This Amendment No. 6 amends (a) the Schedule 13D filed on December 3, 2008 (the “Initial Schedule 13D”) by Mehran Nia, Fariba Nia, and the Nia Living Trust Established September 2, 2004 (the “Reporting Persons”) relating to the common stock, par value $0.001 per share (the “Common Stock”) of U.S. Auto Parts Network, Inc., a Delaware corporation (the “Issuer”), (b) Amendment No. 1 to the Initial Schedule 13D, filed by the Reporting Persons on October 7, 2009, (c) Amendment No. 2 to the Initial Schedule 13D, filed by the Reporting Persons on October 14, 2009, (d) Amendment No. 3 to the Initial Schedule 13D, filed by the Reporting Persons on July 31, 2014 and (e) Amendment No. 4 to the Initial Schedule 13D, filed by the Reporting Persons on May 5, 2015 and (f) Amendment No. 5 to the Initial Schedule 13D, filed by the Reporting Persons on June 12, 2018 (collectively, the “Previous Amendments”).  Except as set forth below, all Items of the Initial Schedule 13D, as amended by the Previous Amendments, remain unchanged. All capitalized terms not otherwise defined herein shall have the meanings ascribed to such terms in the Initial Schedule 13D or the Previous Amendments, as applicable.

Item 4.
Purpose of Transaction.

Item 4 is hereby amended by adding the following paragraphs:

On March 25, 2013, the Reporting Person purchased an aggregate of 1,034,482 shares of Series A Convertible Preferred Stock, par value $0.001 per share (the “Series A Preferred Stock”).

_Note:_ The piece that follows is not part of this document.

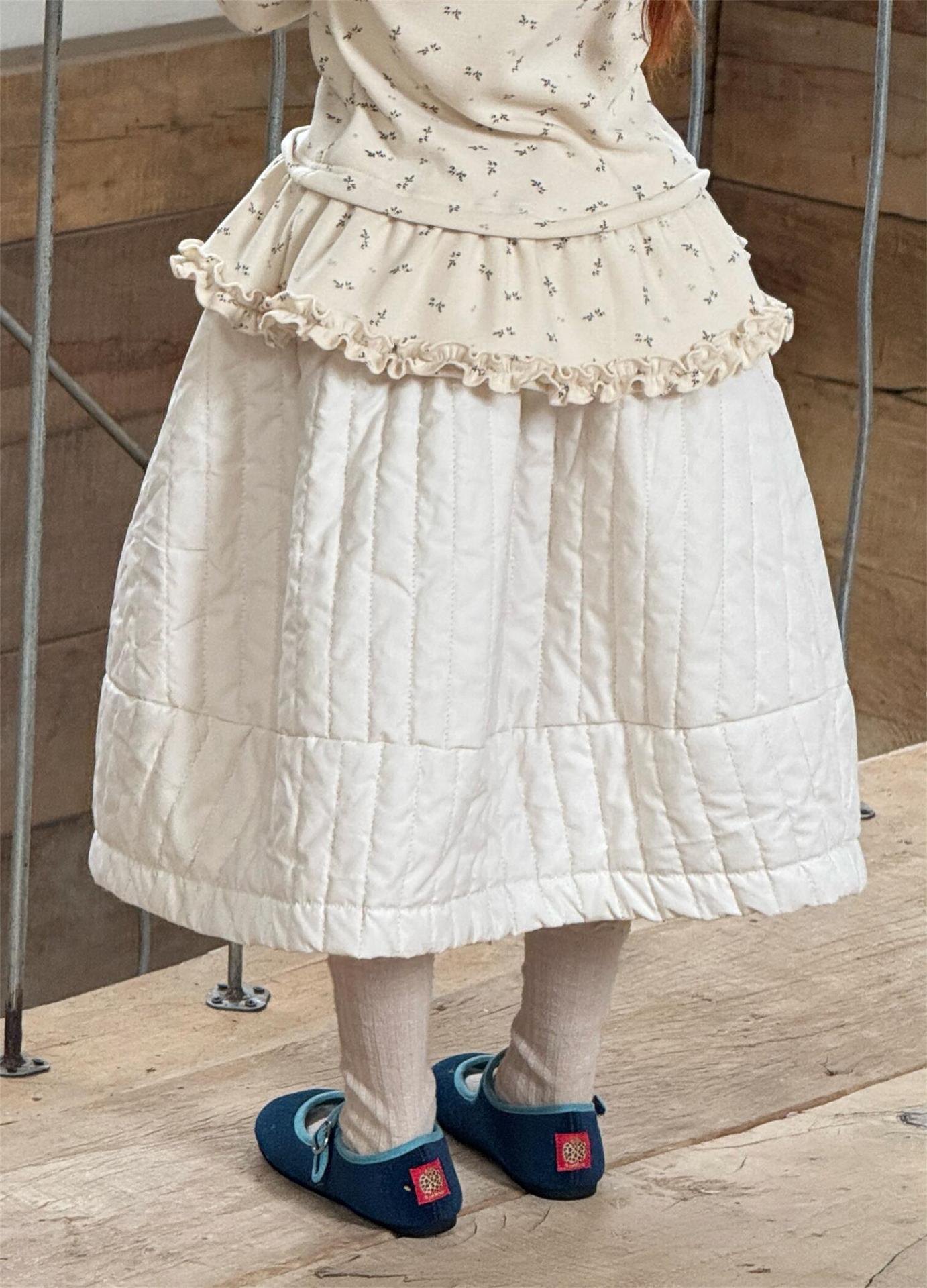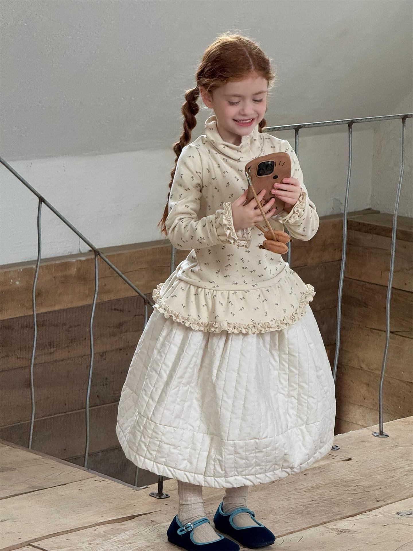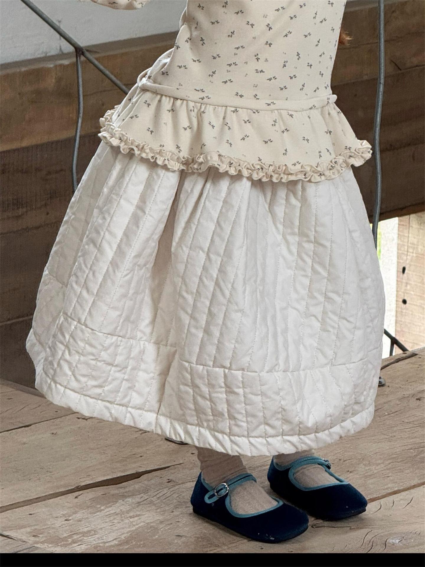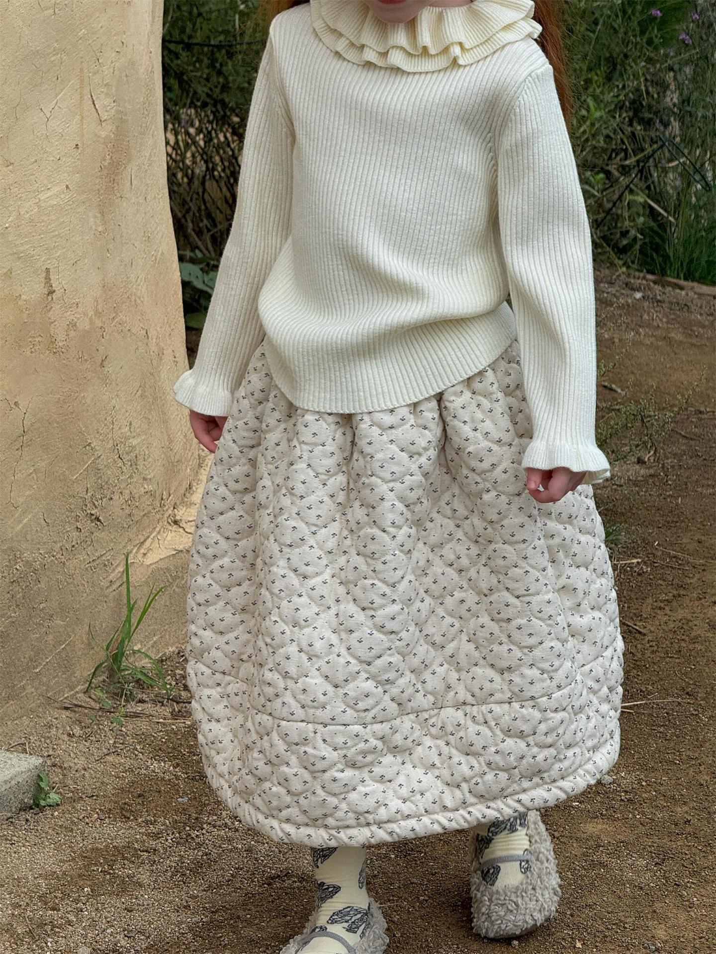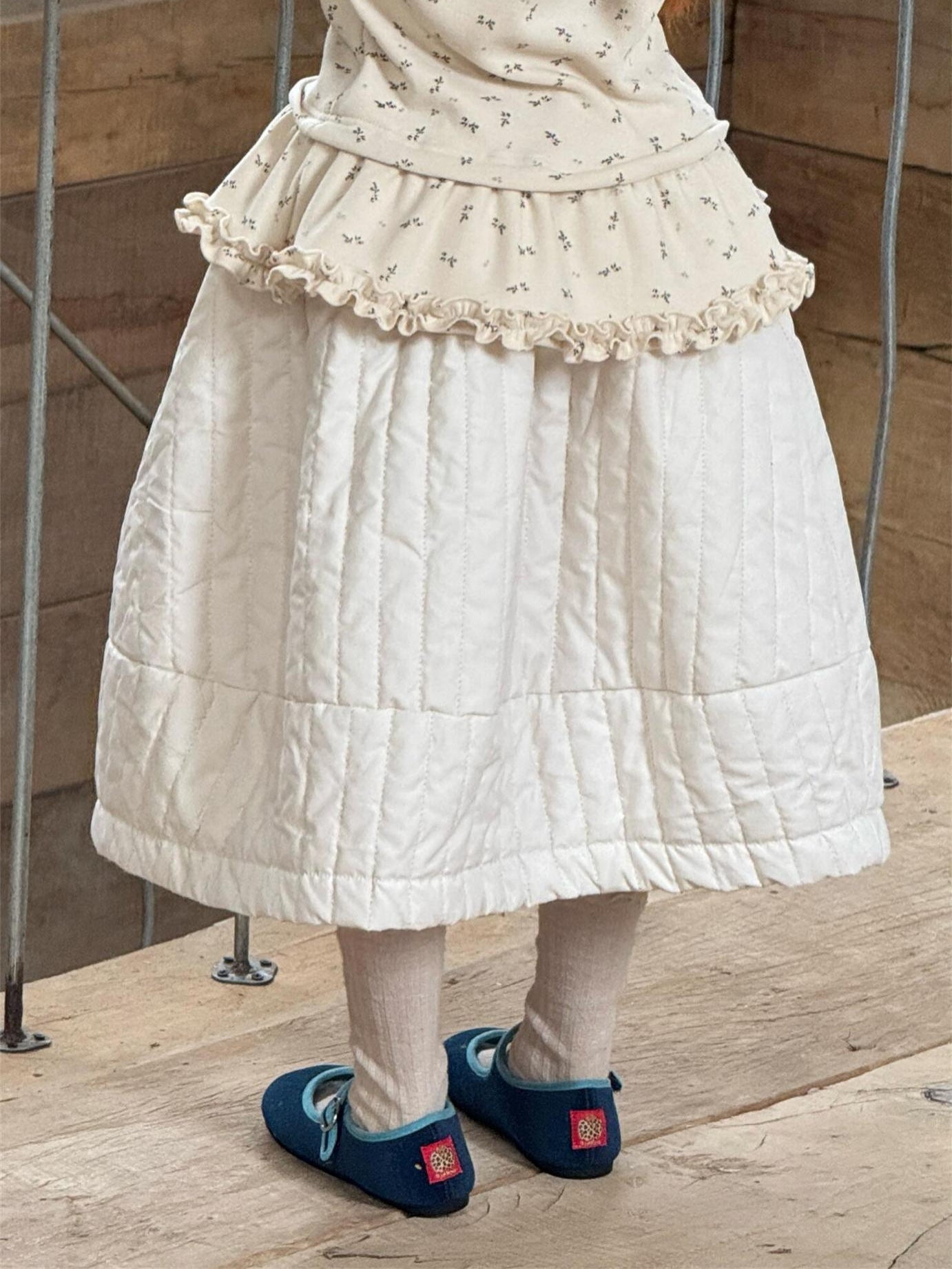 厚手のキルティング素材を使用したミモレ丈のスカートは、寒い季節にぴったりの暖かさと快適な着心地を提供します。シンプルな無地と華やかな花柄のバリエーションから選べるこのキルトスカートは、コーディネートの主役になる存在感があり、着こなしに深みを与えます。様々なトップスと相性が良く、おしゃれなスタイルを完成させる子ども服のボトムスとして活躍します。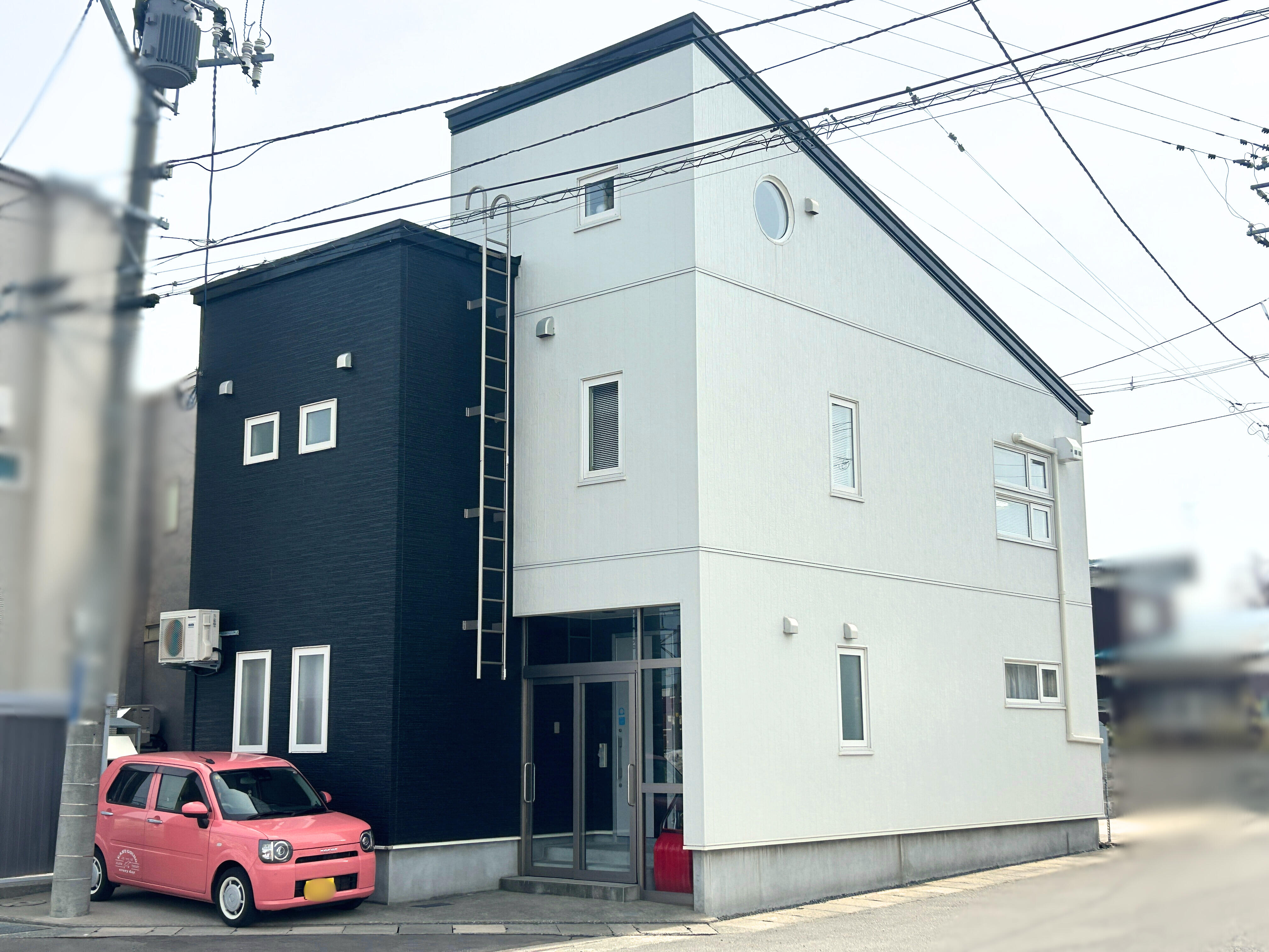 一部のサッシまわりから雨漏れがあったため、まずは原因をしっかり確認し、補修・防水処理を行ったうえでDANサイディングを施工しました。 外壁は白黒のツートンデザイン。 もともとは白と黒の配置が逆でしたが、お打ち合わせの中で“ちょっと変えてみようか”という話になり、あえて白黒を入れ替えた配色に変更しました。

On June 19, 2020, each outstanding share of the Series A Preferred Stock automatically converted to one share of the Common Stock of the Company, pursuant to Section 4 of the Certificate Of Designation, Preferences and Rights of the Series A Convertible Preferred Stock, dated as of March 25, 2013. Prior to the conversion, the Living Trust held 1,034,482 shares of the Series A Preferred Stock. As a result of the automatic conversion, all of the shares of Series A Preferred Stock held by the Living Trust converted into an aggregate of 1,034,482 shares of the Company’s Common Stock.

Item 5.
Interest in Securities of the Issuer.

The aggregate percentage reported by each Reporting Person is based upon 37,169,327 shares of Common Stock outstanding and 2,620,687 shares of Series A Convertible Preferred outstanding as of March 25, 2020, as reported in U.S. Auto Parts Network, Inc.’s Proxy Statement on Schedule 14A filed on April 27, 2020, totaling 39,790,014 shares on an as-converted basis.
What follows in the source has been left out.